In vitro and in vivo direct monitoring of miRNA-22 expression in isoproterenol-induced cardiac hypertrophy by bioluminescence imaging

Abstract

Growing evidence suggests that microRNAs (miRNAs) play key roles in cardiac hypertrophy. To measure the expression of endogenous miRNAs is very conducive to understanding the importance of miRNAs in cardiac hypertrophy.
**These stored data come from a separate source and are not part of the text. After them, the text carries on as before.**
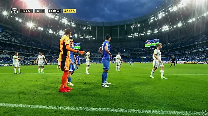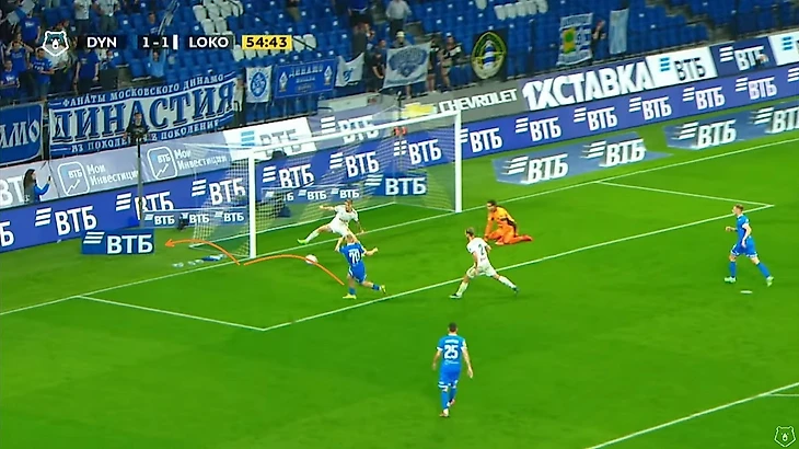 Первый тайм. Игра началась без раскачки. Динамо традиционно прессинговало, чаще подбирало мячи, очень был активен Макаров на правом фланге, а Локо пытался контратаковать. За первые пять минут два раза Макаров и раз Моро наносили удары издали, но мимо цели. Первый же по-настоящему опасный момент был у Даниила Фомина: Бальбуэна классно разрывает оборону железнодорожников пасом на Тюкавина, Костя вторым касание выводит Даниила на ударную позицию и Гильерме взглядом провожает мяч, пролетевший в сантиметрах от штанги.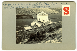 Part of a group of images from Hasluck's travels to the Marmara Islands in 1907. The original description in the SPHS register reads: "Marmara Islands (Proconnesus Marmara) Palatia, S. Nicolas εν τη Γέννα from W. (JHS xxix.III)".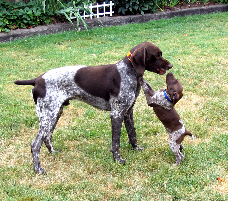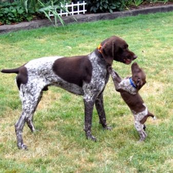 Other pets for the Kurzhaar are also not a problem, unless they are not a badly socialized individual. Dogs of the breed in question do not seek to show their superiority and will not try to occupy the main place in the house. The only exception can be called living together two males, who will growl at each other in an attempt to prove the right to the existing territory.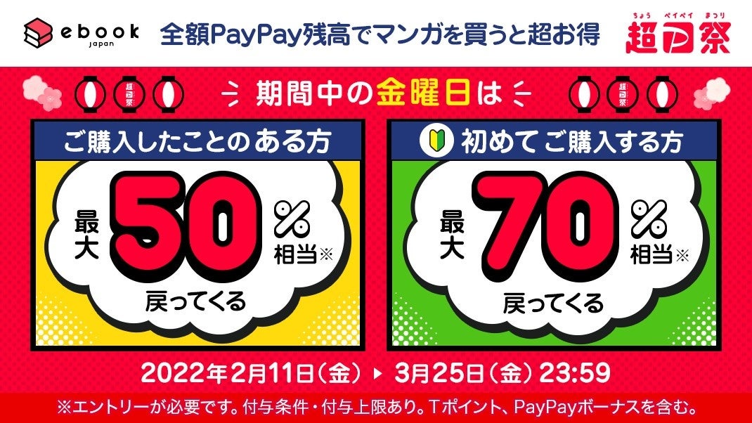 電子書籍販売サイト「ebookjapan」をヤフー株式会社と協力して運営する、株式会社イーブックイニシアティブジャパン(本社:東京都千代田区、代表取締役社長:高橋将峰(たかはしまさみね))は、ebookjapanで「PayPay残高」を使って電子書籍を購入すると、決済金額に対して最大70%相当のPayPayボーナスを付与する「超PayPay祭 ebookjapanでお得キャンペーン」、「超PayPay祭 初めてのお客様はebookjapanで毎日お得キャンペーン」を、2022年2月11日(金)から2022年3月25日(金)まで実施します。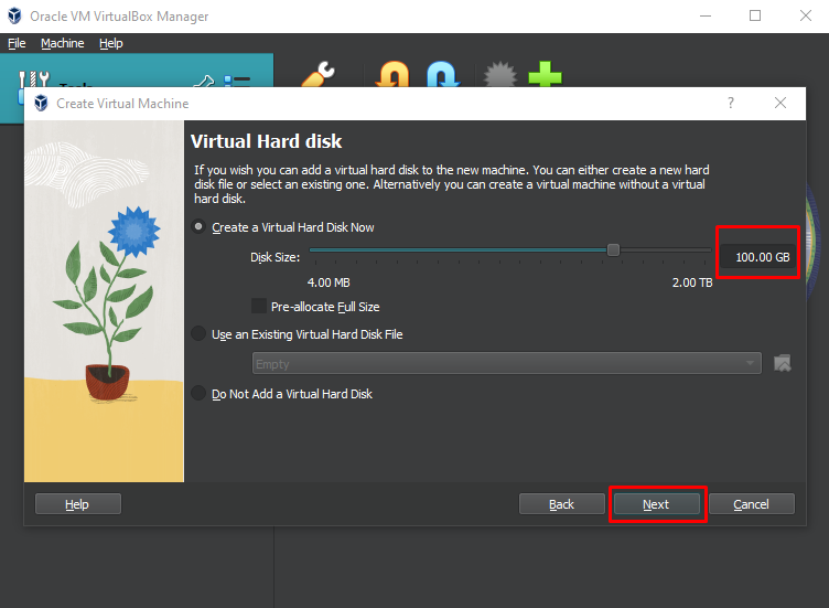 - Virtual Hard Drive (VDI): If you have 100 GB to spare on your computer, give it 100 GB. Do not pre-allocate the full size. Leave it as dynamically allocated so that it only uses up as much space as it needs. Then click next and Finish.

However, current methods to monitor endogenous miRNA levels, such as Northern blotting, quantitative real-time polymerase chain reaction (qRT-PCR), and microarrays cannot provide real-time information on miRNA biogenesis in vivo. We constructed a miRNA reporter imaging system to monitor miR-22 expression in isoproterenol-induced cardiac hypertrophy repetitively and noninvasively. There were three copies of the antisense of miR-22 (3×PT_miR-22) cloned into the 3' untranslated region (UTR) of the Gaussia luciferase (Gluc) reporter genes under the control of the cytomegalovirus (CMV) promoter in this miRNA reporter system (CMV/Gluc/3×PT_miR-22). CMV/firefly luciferase (Fluc) was used as a positive control for imaging of miR-22 expression. Meanwhile, quantifications of miR-22 in cardiomyocyte hypertrophy and in mouse cardiac hypertrophy induced by isoproterenol stimulation were measured by qRT-PCR. Furthermore, we used this miRNA reporter imaging system to appraise the antihypertrophic effect of antagomir-22 in vitro and in vivo. The bioluminescence signals of the CMV/Gluc/3×PT_miR-22 were gradually decreased with prolongation of isoproterenol intervention in vitro and in vivo. Overexpression of miR-22 was observed in cardiac hypertrophy, and markedly administration of antagomir-22 could reverse the upregulation of miR-22 and its prohypertrophic effects. Furthermore, knockdown of miR-22 by antagomir-22 could markedly reverse the repressed Gluc activities in vitro and in vivo. However, the Fluc activity of CMV/Fluc was not affected with isoproterenol treatment. This study elucidates the feasibility of using our constructed miRNA reporter imaging system to monitor the location and magnitude of expression levels of miR-22 in cardiac hypertrophy in vitro and in vivo.